What to produce =>
Transcribe all data verbatim. Skip the pictures.
"""
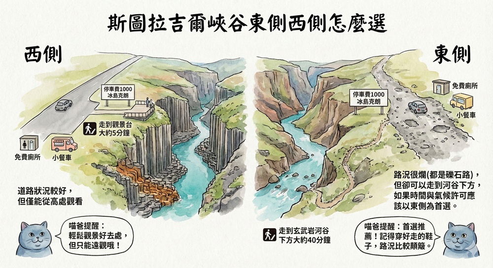 而東側步道可以直接下到河谷去觸碰玄武岩柱與冰涼湖水,體驗與觀景角度都好上百倍以上,所以這也是喵爸一直強調如果時間與氣候許可應該以東側為首選的主要原因。
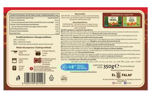 Mini falafelul Original EL FALAF este un produs congelat românesc, micuț, dar plin de savoare autentică, perfect pentru gustări sau pentru a fi împărțit cu prietenii. Ambalat la 350g, acest falafel aduce gustul tradițional într-o versiune convenabilă. Necesită preparare înainte de consum pentru a te bucura de gustul său intens și de textura sa plăcută. O alegere excelentă pentru o masă rapidă și delicioasă.
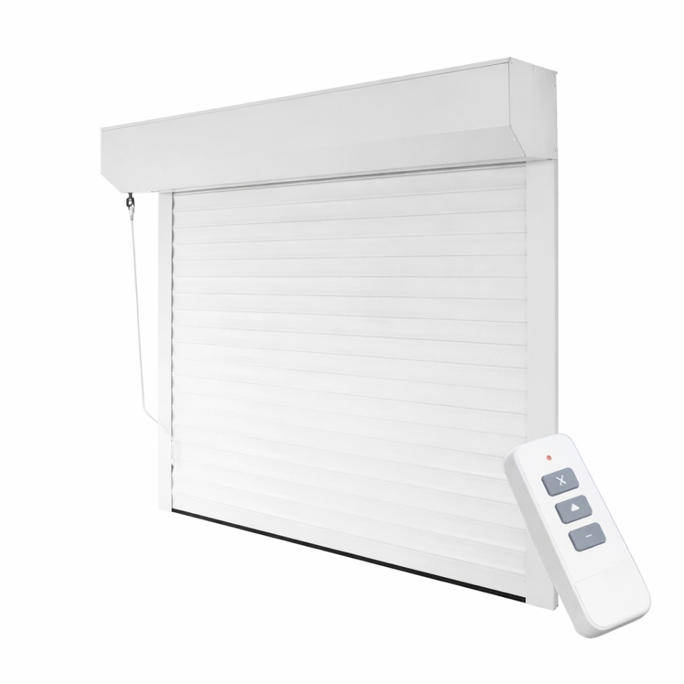 Usa de garaj tip rulou aluminiu lamela 55 mm cu motor si telecomanda – alb
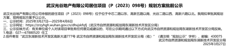 2025年3月27日,武汉光谷地产有限公司居住项目(P(2023)098号)规划方案批前公示,即光谷金融港板块又添一四代住宅。
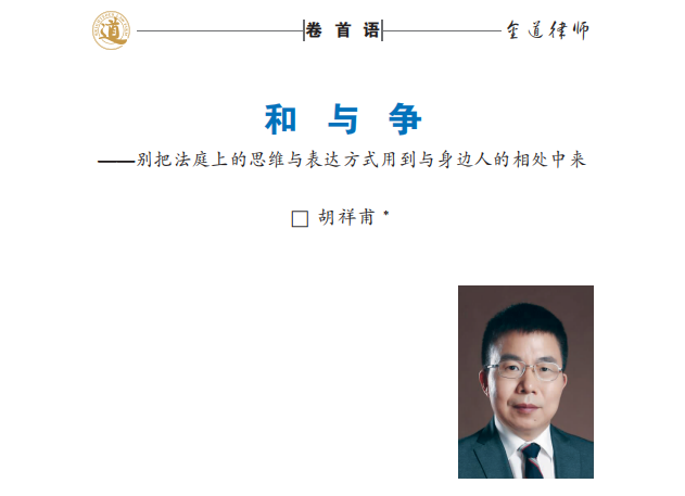 本期大咖之声,我们继续为大家带来本所首席合伙人胡祥甫律师撰写的《和与争——别把法庭上的思维与表达方式用到与身边人的相处中来》。胡首席殷切劝慰,“遇事,法为度;为人,情在心,希望法律人不仅能成为成功的律师,更成为受身边人欢迎的幸福之人。”
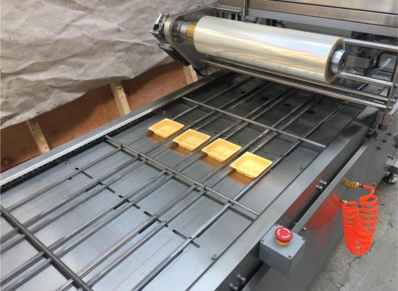 适用于快餐盒、熟食托盘、速冻食品托盘、点心盒、方便食品、豆腐盒、外卖盒、饼干盒、豆掰酱等盒装等包装容器的自动热合封口。、
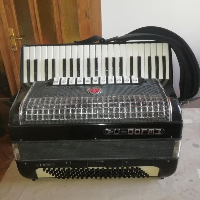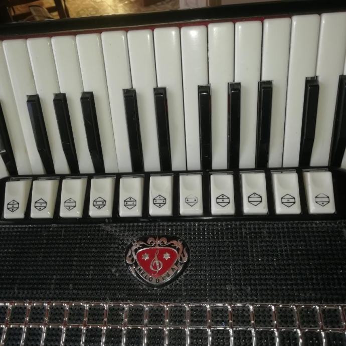 Prodajem klavirnu harmoniku "Melodija",model C-IV-120. Harmonika je 4-glasna,sa pikolo fasenom (tonovima). Ima 120 basova,11 + 3 registara. Harmonika ima potpuno novo sve remenje,novo zaštitno jastuče,i kofer koji je u vrlo dobrom stanju-potpuno ispravan. Za dogovor pozovite 098-1762109. Isključivo poziv,BEZ PORUKA !!!
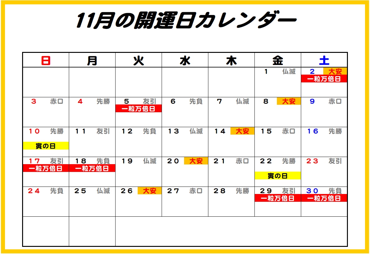 2024.11.01チケット キャビン【宝くじ情報】11月開運日カレンダー☆
"""
Written answer =>
 而東側步道可以直接下到河谷去觸碰玄武岩柱與冰涼湖水,體驗與觀景角度都好上百倍以上,所以這也是喵爸一直強調如果時間與氣候許可應該以東側為首選的主要原因。
 Mini falafelul Original EL FALAF este un produs congelat românesc, micuț, dar plin de savoare autentică, perfect pentru gustări sau pentru a fi împărțit cu prietenii. Ambalat la 350g, acest falafel aduce gustul tradițional într-o versiune convenabilă. Necesită preparare înainte de consum pentru a te bucura de gustul său intens și de textura sa plăcută. O alegere excelentă pentru o masă rapidă și delicioasă.
 Usa de garaj tip rulou aluminiu lamela 55 mm cu motor si telecomanda – alb
 2025年3月27日,武汉光谷地产有限公司居住项目(P(2023)098号)规划方案批前公示,即光谷金融港板块又添一四代住宅。
 本期大咖之声,我们继续为大家带来本所首席合伙人胡祥甫律师撰写的《和与争——别把法庭上的思维与表达方式用到与身边人的相处中来》。胡首席殷切劝慰,“遇事,法为度;为人,情在心,希望法律人不仅能成为成功的律师,更成为受身边人欢迎的幸福之人。”
 适用于快餐盒、熟食托盘、速冻食品托盘、点心盒、方便食品、豆腐盒、外卖盒、饼干盒、豆掰酱等盒装等包装容器的自动热合封口。、
 Prodajem klavirnu harmoniku "Melodija",model C-IV-120. Harmonika je 4-glasna,sa pikolo fasenom (tonovima). Ima 120 basova,11 + 3 registara. Harmonika ima potpuno novo sve remenje,novo zaštitno jastuče,i kofer koji je u vrlo dobrom stanju-potpuno ispravan. Za dogovor pozovite 098-1762109. Isključivo poziv,BEZ PORUKA !!!
 2024.11.01チケット キャビン【宝くじ情報】11月開運日カレンダー☆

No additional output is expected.